In mid-1916 the first Brandenburg B.I was delivered, this was the only aircraft specifically designed as a trainer in Austria-Hungary during WWI. The Fischamend company kept improving the design until almost the end of the war. Originally powered by teh Mercedes 100hp, it was later to use rebuilt Daimler or Hiero engines as new builds were required for frontline aircraft. Due to a lack of foresight, Fischamend neglected to provide enough spare parts for the B.I, and in the summer of 1917, 70% of them were grounded due to lack of parts.
Postwar the Brandenburg B.I(Fd) was used by the fledging air services of many eastern countries, it was even built in Poland, Hungary and Czechoslovakia. Many were still flying as late as 1938.
The fuselage is cast in a single piece with a hole through the cockpit and another one for the engine. the cockpit opening can possibly stand some additional thinning on the sides as it is a nice, straight opening through to the bottom. The underside is to be covered by a plug which is shaped to conform to the bottom curvature. The lower wings in turn attach to this plug.
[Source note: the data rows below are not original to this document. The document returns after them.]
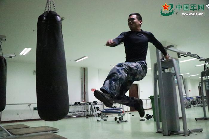 还记得功夫电影中的李小龙吗?那一个“李三脚”曾在全世界引起轰动。军校的格斗训练场上,同样有精彩的瞬间。凌空跃起,身影短暂地停留在空中,出腿生风,霎那间击打在沙袋上,沙袋在强大的撞击力下弹起。这身手,实在漂亮!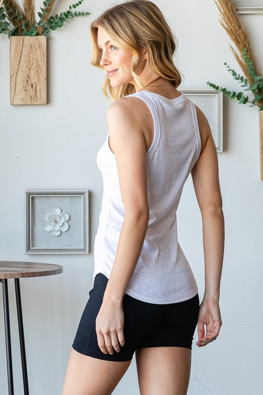 Ribbed Scoop Neck Sleeveless Tank - Ash Mocha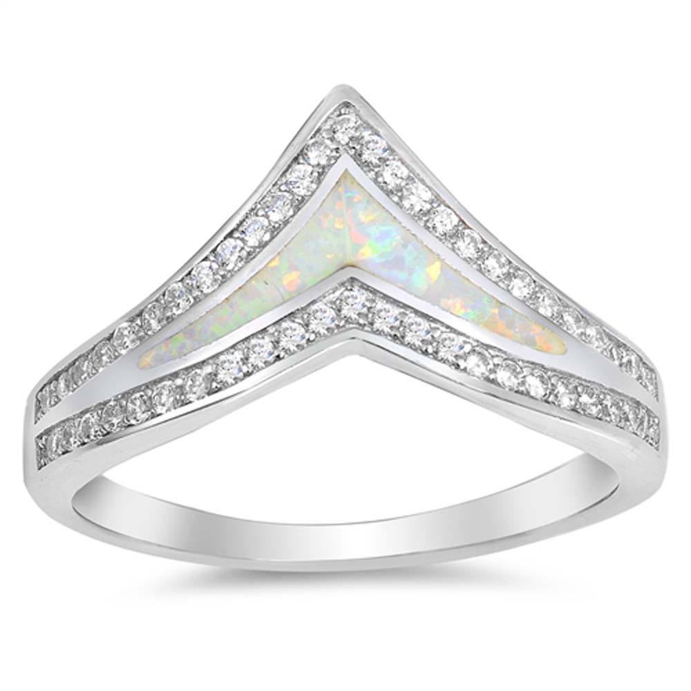 Sterling Silver Wave Shape White Lab Opal Rings With CZ StonesAnd Face Height 11mm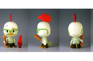 This adorable Chicken Little vinyl doll was released as a promotional item for Disney staff in conjunction with the upcoming Disney Animation - Chicken Little. It comes with a bat, his glasses, and his little alien sidekick. Don't miss this cutie little chicken !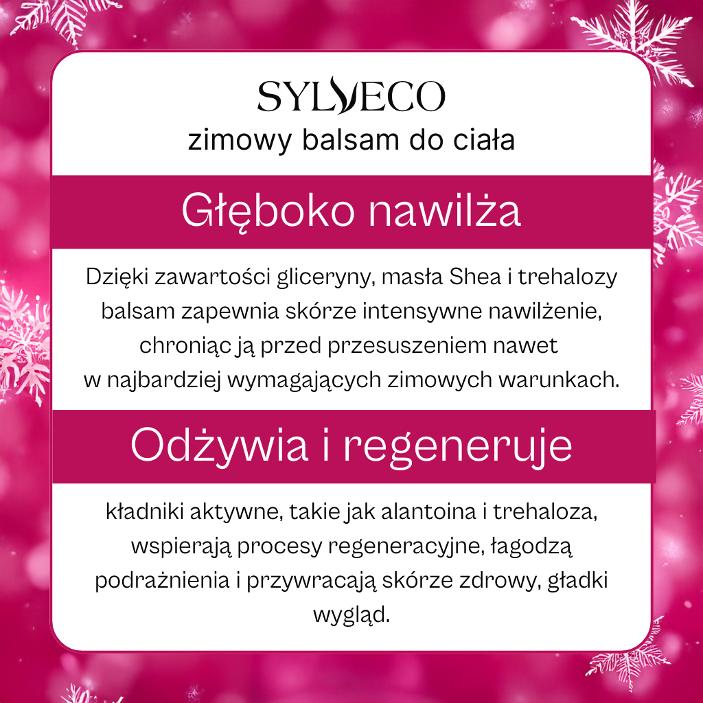 Balsam został opracowany z myślą o skórze narażonej na działanie niskich temperatur i suchego powietrza. Masło shea, gliceryna i oleje roślinne intensywnie nawilżają oraz zapobiegają utracie wody z naskórka. Skóra staje się wyraźnie bardziej miękka i elastyczna już po pierwszym użyciu. To solidna baza codziennej pielęgnacji w sezonie zimowym.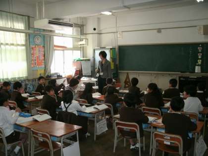 1年1組は、国語の学習をしていました。「ことばあそびうたをつくろう」を学習していました。動物の鳴き声を確認しながら「もうもう うし があがあ あひる …」を参考にして自分でことばあそびうたを考えていました。
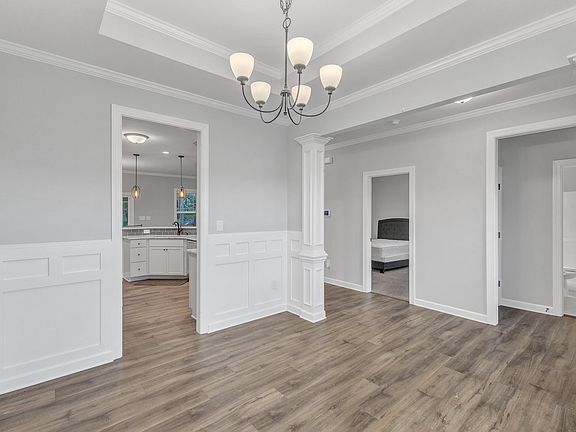 Welcome Home to this Charming Ranch on .79 ac, Low traffic cul-de-sac lot in Carolina Landing! Not too far from Hwy 64/264 if you are a commuter to Raleigh, Rocky Mount or Wilson. Stone accented exterior. Covered front porch. Lovely formal dining room with tray ceiling and custom wainscoting. Living Room accented by built-in shelving and gas log fireplace. Breakfast Bar in addition to Dining area. Bright Open Kitchen. Sleek gray subway-tile backsplash beautifully accents the granite counters and stainless appliances. On-trend Barn Door entry to Laundry. Built-in ''Drop Spot'' beside Pantry. Split bedroom floor plan. Primary suite w/ double tray ceiling, 2 Walk-in closets plus linen closet, dual vanities, soaking tub and separate shower. Upgraded plumbing fixtures. Ceramic tile floors in baths & Laundry. LVP in Kitchen/Dining/Main Hall/Drop Spot area. NO City taxes & Low HOA fees. Screen porch and grilling deck overlooking backyard. Drainage easement on right side of property. Outdoor wooden play equipment does not convey.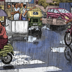 Michel Polnarref chantait "la rue", Simon Latouret la dessine, sans se censurer ou se restreindre à un format. Après le récit original de l’Alcazar, c’est un pan entier de Bangalore qui se raconte, et prend vie. Les doubles pages sont splendides, sans couleurs effarantes, mais avec des visages, des tuniques et des véhicules réels, souvent cabossés ou imparfaits. Les strips sans dialogue témoignent d’un génie à la Eisner ou Sempé, rappelant que la ville reste un terrain de jeu illimité pour les dessinateurs qui savent l’appréhender. On sent un attachement viscéral à ce capharnaüm permanent, ou à ces cacophonies qui n’ont pas besoin de mots, et c’est là aussi la marque des plus grands.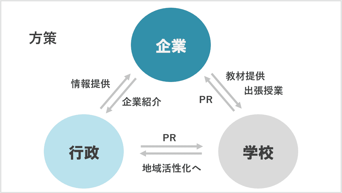 こちらは「地域活性化につながるようなテーマで授業をつくり、行政、企業、学校にそれぞれメリットがあるようなスキームを組むのがよいのではないか」という提案です。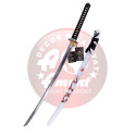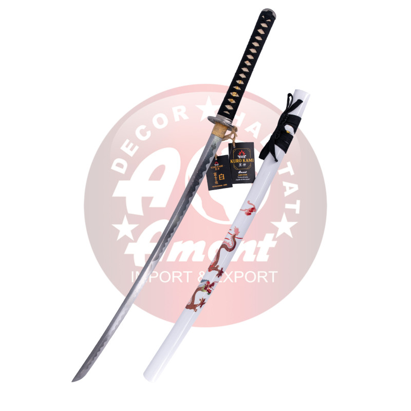 Katana de 105 cm de hoja realizada en acero de damasco de 800 capas certificado con hamon grabado haciendo el monte fuji en el centro de la hoja, vaina realizada en madera lacada en blanco con la tsuba y la otras partes metálicas hechas en acero inoxidable, mango con trenzado negro y piel de serpiente auténtica. Con soporte. Ref. S6073B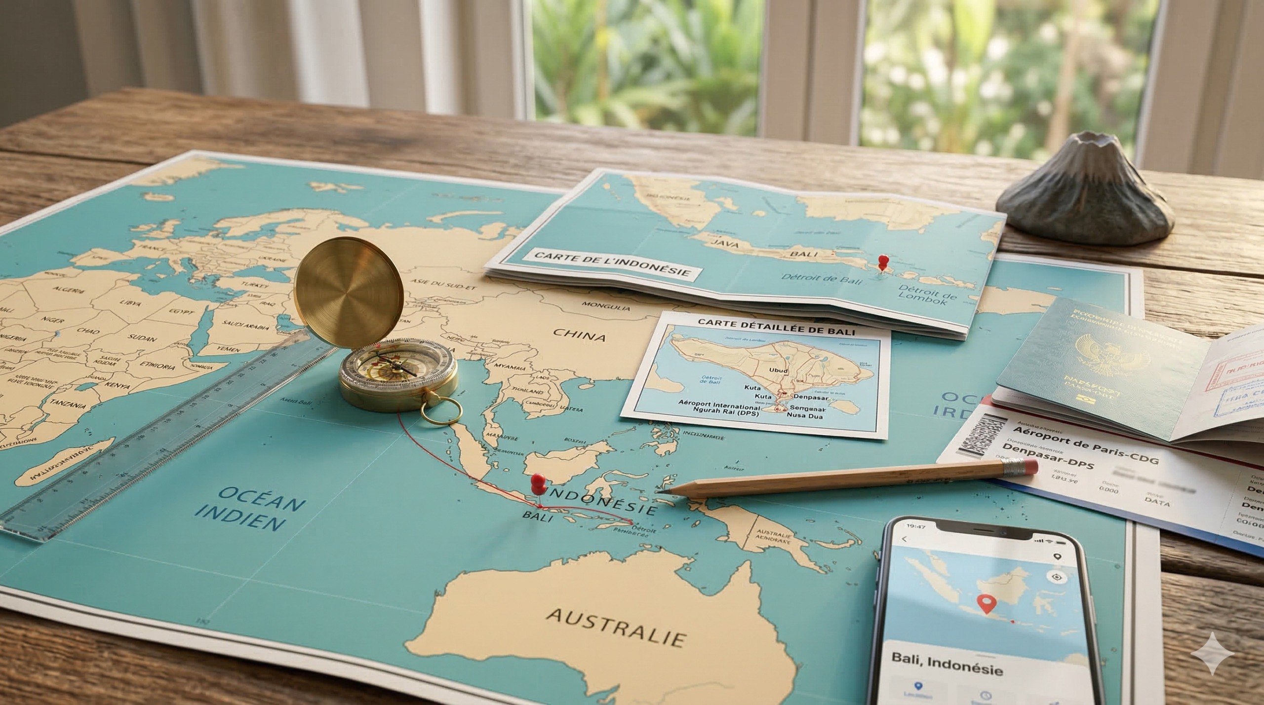 Cartes utiles pour voyager : monde, Indonésie et carte détaillée de Bali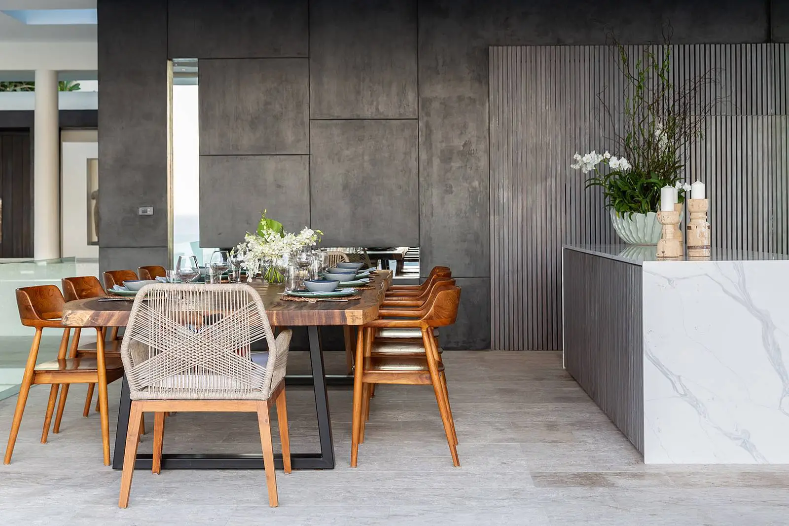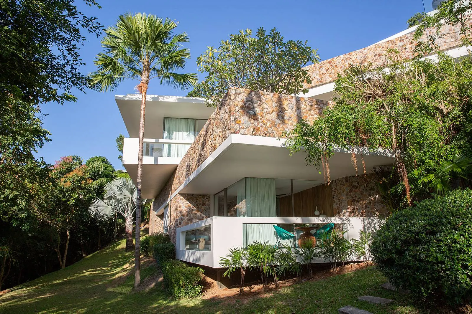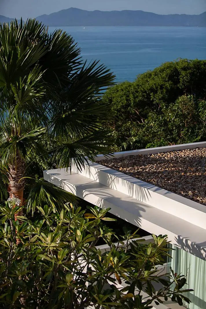 Perched near the mountain top of its plot, Villa Celadon has been thoughtfully designed to protect its stunning seaviews and maintain privacy by preserving the lush greenery on the lower part of the land. This three-level villa is a testament to Gary Fell's signature style of merging contemporary architecture with natural beauty, creating an extraordinary island retreat.

The wings have a thin trailing edge and have separate ailerons for the upper wing. Tail surfaces are of the same quality. There are a few air holes on the trailing edge of one of the elevators, but that seems to be the only blemish to this kit that I can find.
Other parts provided include: Seats, struts, propellor, wheels, skis, cylinders to a 100hp Mercedes D.I engine, fuel tank, auxillary fuel tank, radiator. No armament is included as it was a trainer. The skis are a nice touch and will open up some interesting diorama possibilities.
Four lengths of brass strut material is also included for the interplane struts. Care should be taken when measuring these as they are angled inwards when viewed from the front.
Decals are included for two aircraft. B.I(Fd) 176.54 of Flek 17 in July 1917 and B.I(Fd) 76.95 fitted with skis for winter service.
Instructions consist of a three view drawing showing and an exploded parts placement drawings.
I've said it before and I'll say it again. I like RVHP kits. The are well molded and offer an excellent starting point for any kit they provide a model of. The only thing that ever looks like it needs work is widening of the cockpit interior so that it appears to be more than a vertical slot.